Facebook’s “want” button will be well received by consumers for a number of reasons. It’s a clever idea because Facebook users enjoy looking at and knowing what their friends are interested in buying. At the same time, this data is hugely valuable to consueer brands. The “want” button is a significant step towards evolving Facebook into a force in online commerce. Facebook is expected to take a cut of all sales generated through the site, which could be a huge new revenue stream if brands can make the buying process seamless. This means that brands will most likely have to review their order management systems to keep pace. The new button won’t deter people from using Facebook. If you look at the way people use Facebook now, they are already very willing to “like” brands or products and essentially the “want” button is just an extension of that.
Richard Britton is managing director of CloudSense.
The Facebook “want” button will be interesting to follow if it delivers on a bigger purpose, like creating a “wish-list” or collection (as it seems to have been named) that has a stronger call to action than the “like” button. If Facebook can tie ecommerce closer into the network, this could have a massive effect on online shoppers’ behaviour, forcing retailers to relate to Facebook in a completely different way.
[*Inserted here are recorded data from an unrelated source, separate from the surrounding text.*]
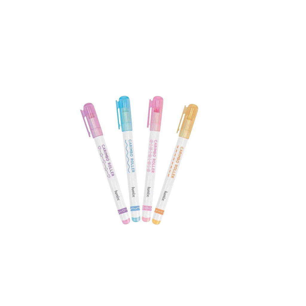 Carimbo Roller Lunix - Tilibra Carimbo em forma de caneta, ponta roller. Nas seguintes cores: Azul - Ondinhas Rosa - Flor Lilás - Coração Laranja - Tracejado Observação: vendidos individualmente, selecione a(s) cor(es) desejadas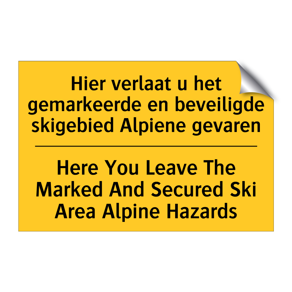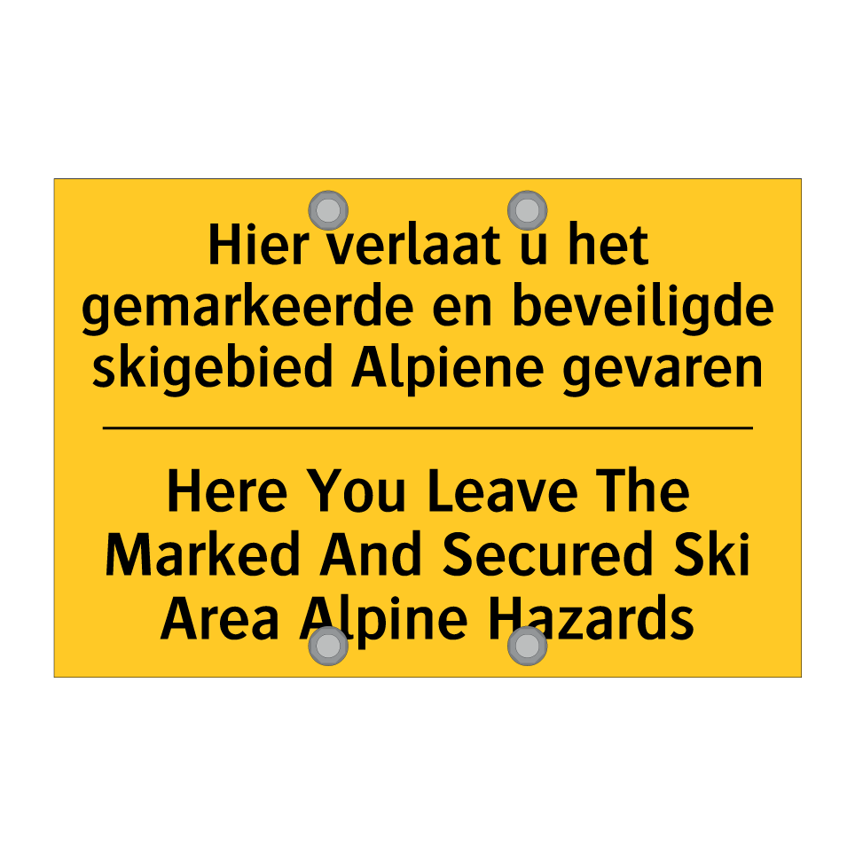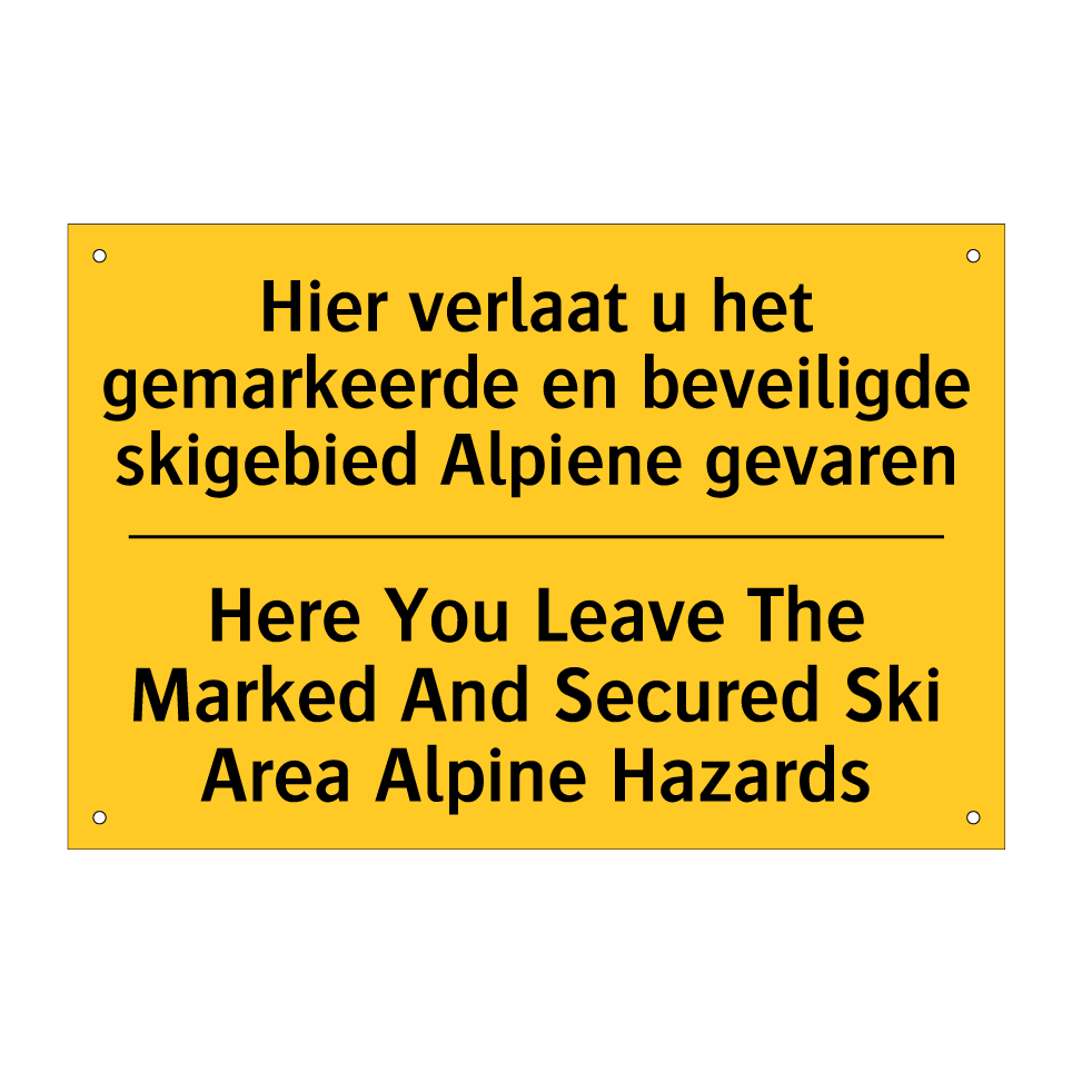 Dit waarschuwingsbord met gele achtergrond en zwarte tekst is essentieel voor de veiligheid in skigebieden. De tweetalige tekst, zowel in het Nederlands als in het Engels, zorgt ervoor dat een breed publiek de boodschap begrijpt. Dit bordje is ideaal voor plaatsing aan de rand van gemarkeerde en beveiligde skigebieden om skiërs te waarschuwen voor alpiene gevaren buiten de afgebakende pistes. Het waarschuwingsbord kan strategisch worden geplaatst bij liften, paden en andere overgangen naar onbeveiligde gebieden. Door de duidelijke en opvallende kleurencombinatie trekt het direct de aandacht van skiërs, waardoor ongelukken en gevaarlijke situaties kunnen worden voorkomen.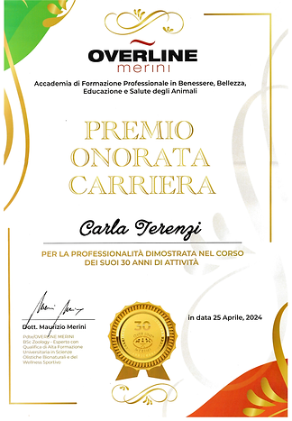 Nonostante le difficoltà, il valore del lavoro e la dedizione di mia madre non passarono inosservati. A coronamento di 30 anni di attività, Carla ricevette il prestigioso Premio Onorata Carriera il 25 aprile 2024 dall’Accademia “Overline Merini”, consegnato dal dott. Maurizio Merini per il suo straordinario contributo al mondo della toelettatura. Questo riconoscimento non solo premiava la sua carriera professionale, ma celebrava anche la sua capacità di toccare la vita di tante persone con la sua gentilezza e professionalità.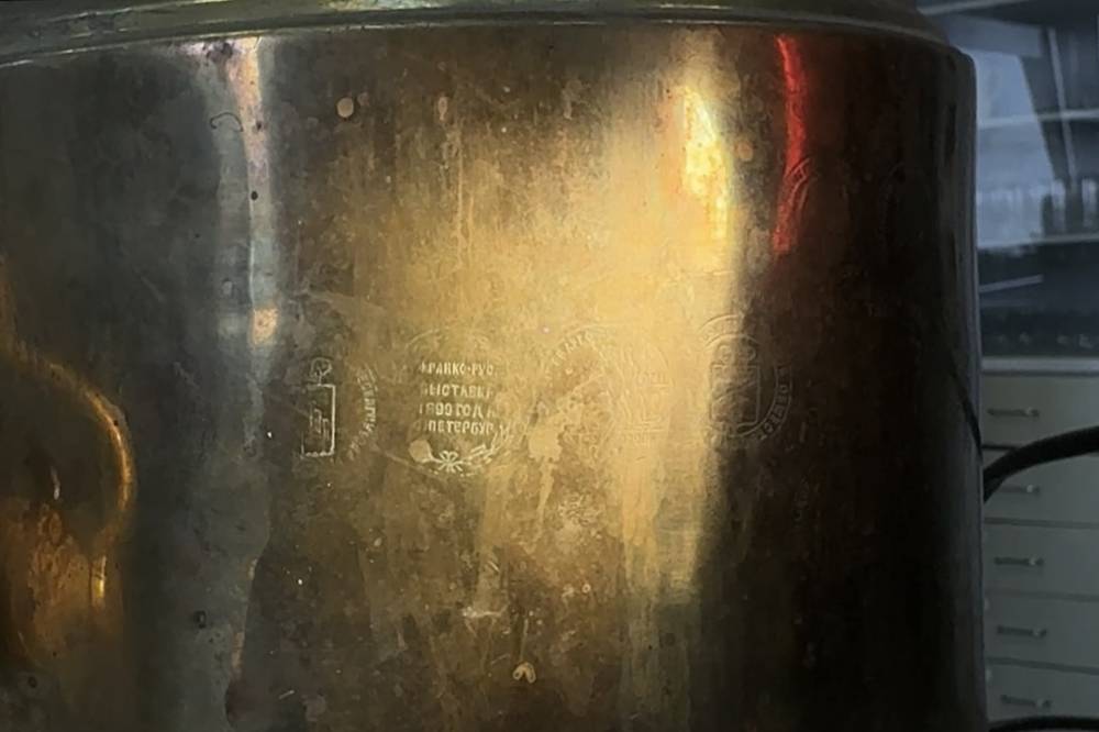 "Самовар произвели на фабриках купцов братьев Шемариных – "поставщиков Двора Его Императорского Величества Шаха персидского". Весь самовар уставлен клеймами, и некоторые из них еще можно прочитать: "франко-рус. выставка 1899 года С. Петербург", "за трудъ и успехъ", "Николай II имп. Самодер. Росс", – рассказали в пресс-службе Уральского таможенного управления.

However, it remains to be seen whether Facebook can catch up with Pinterest, which has a considerable lead in this space. It also remains to be seen whether such a blatantly commercial button on Facebook will appeal to users, and whether this will be the solution to Facebook’s current challenge of finding a feasible monetisation solution to its recent problems.
Carl Waldekranz is co-founder and chief executive of the ecommerce start-up Tictail.